# Task directions:
Transcribe the line holding "2024.0.226--Interior photo of" together with every line after it, through the end of the records, exactly and with no pictures.

# Given information:
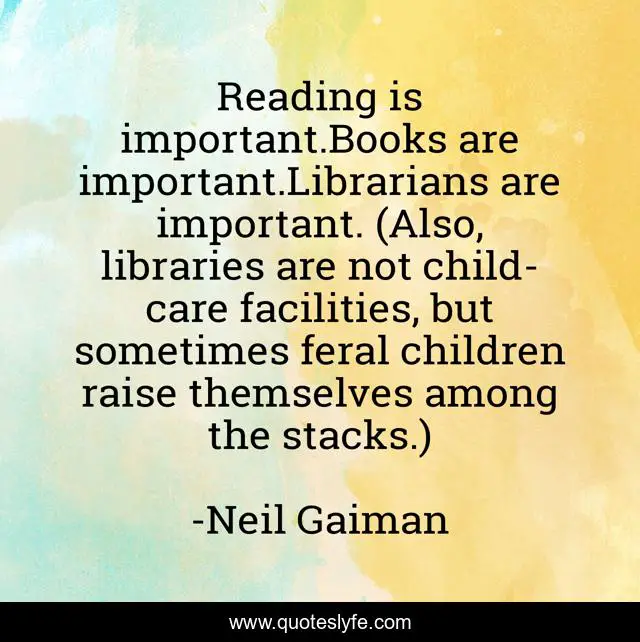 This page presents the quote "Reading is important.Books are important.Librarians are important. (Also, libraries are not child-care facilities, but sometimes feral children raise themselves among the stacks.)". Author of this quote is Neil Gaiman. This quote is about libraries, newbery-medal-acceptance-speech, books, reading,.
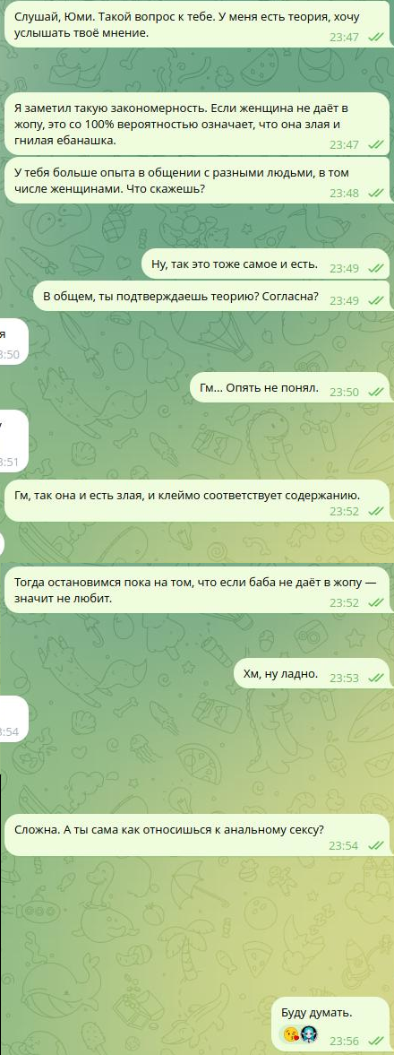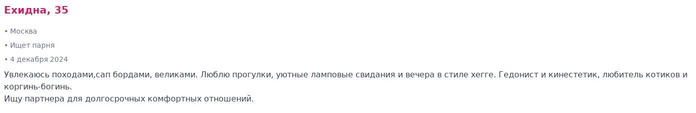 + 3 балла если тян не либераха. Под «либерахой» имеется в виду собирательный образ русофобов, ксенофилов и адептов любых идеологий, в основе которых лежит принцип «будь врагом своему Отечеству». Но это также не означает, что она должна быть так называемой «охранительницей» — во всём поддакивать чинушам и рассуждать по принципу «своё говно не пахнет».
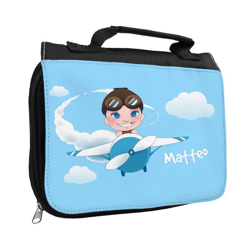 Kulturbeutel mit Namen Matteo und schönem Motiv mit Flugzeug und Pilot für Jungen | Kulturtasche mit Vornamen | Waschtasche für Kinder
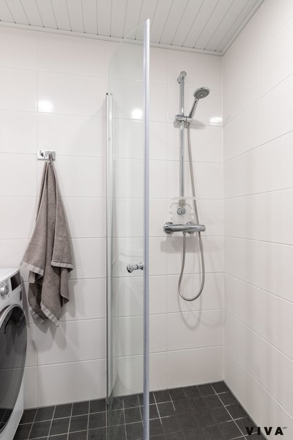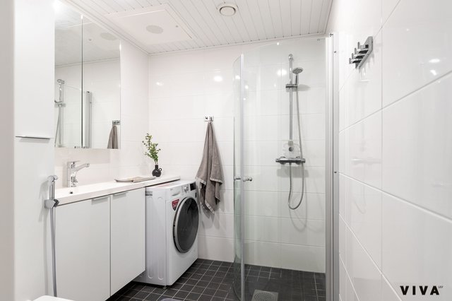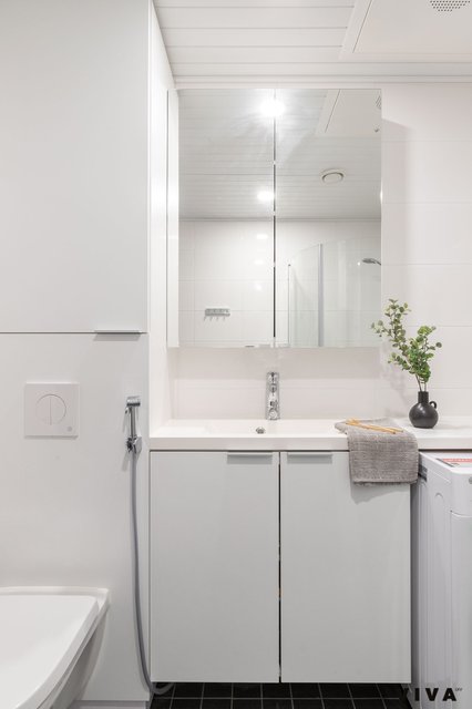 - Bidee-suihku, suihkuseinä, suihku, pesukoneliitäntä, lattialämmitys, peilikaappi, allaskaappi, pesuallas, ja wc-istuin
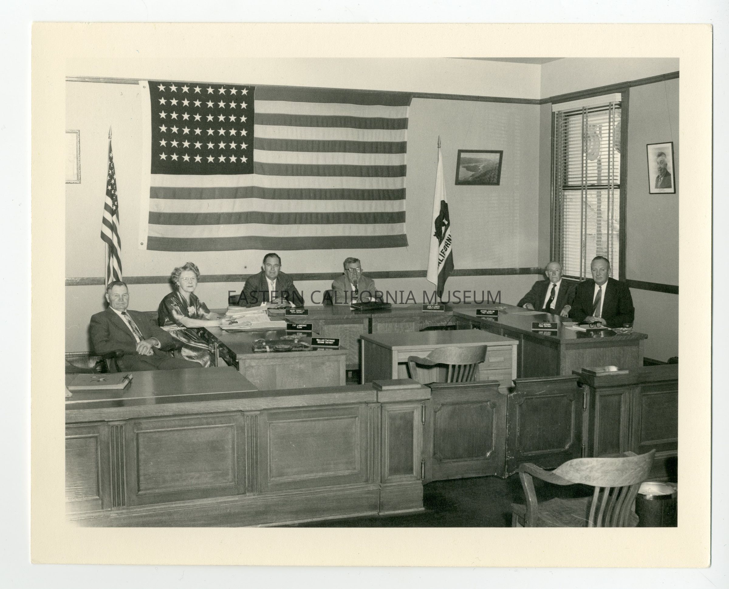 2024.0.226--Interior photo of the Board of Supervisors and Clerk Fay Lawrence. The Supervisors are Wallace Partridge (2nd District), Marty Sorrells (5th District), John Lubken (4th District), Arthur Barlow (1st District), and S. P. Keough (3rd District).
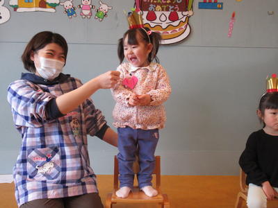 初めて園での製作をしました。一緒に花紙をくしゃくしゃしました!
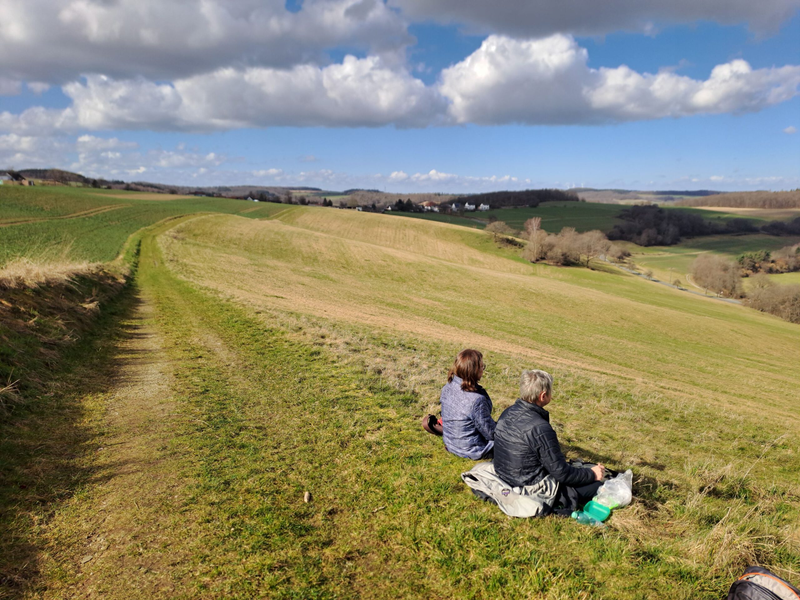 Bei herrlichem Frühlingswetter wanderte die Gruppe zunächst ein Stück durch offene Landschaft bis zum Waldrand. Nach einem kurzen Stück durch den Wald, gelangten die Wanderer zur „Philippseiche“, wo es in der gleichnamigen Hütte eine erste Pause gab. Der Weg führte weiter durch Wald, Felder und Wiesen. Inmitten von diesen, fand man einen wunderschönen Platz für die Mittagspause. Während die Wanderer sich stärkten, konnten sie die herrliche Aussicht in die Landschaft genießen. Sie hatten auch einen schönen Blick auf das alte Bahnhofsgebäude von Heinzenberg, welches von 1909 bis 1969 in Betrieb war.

# Answer space:
 2024.0.226--Interior photo of the Board of Supervisors and Clerk Fay Lawrence. The Supervisors are Wallace Partridge (2nd District), Marty Sorrells (5th District), John Lubken (4th District), Arthur Barlow (1st District), and S. P. Keough (3rd District).
 初めて園での製作をしました。一緒に花紙をくしゃくしゃしました!
 Bei herrlichem Frühlingswetter wanderte die Gruppe zunächst ein Stück durch offene Landschaft bis zum Waldrand. Nach einem kurzen Stück durch den Wald, gelangten die Wanderer zur „Philippseiche“, wo es in der gleichnamigen Hütte eine erste Pause gab. Der Weg führte weiter durch Wald, Felder und Wiesen. Inmitten von diesen, fand man einen wunderschönen Platz für die Mittagspause. Während die Wanderer sich stärkten, konnten sie die herrliche Aussicht in die Landschaft genießen. Sie hatten auch einen schönen Blick auf das alte Bahnhofsgebäude von Heinzenberg, welches von 1909 bis 1969 in Betrieb war.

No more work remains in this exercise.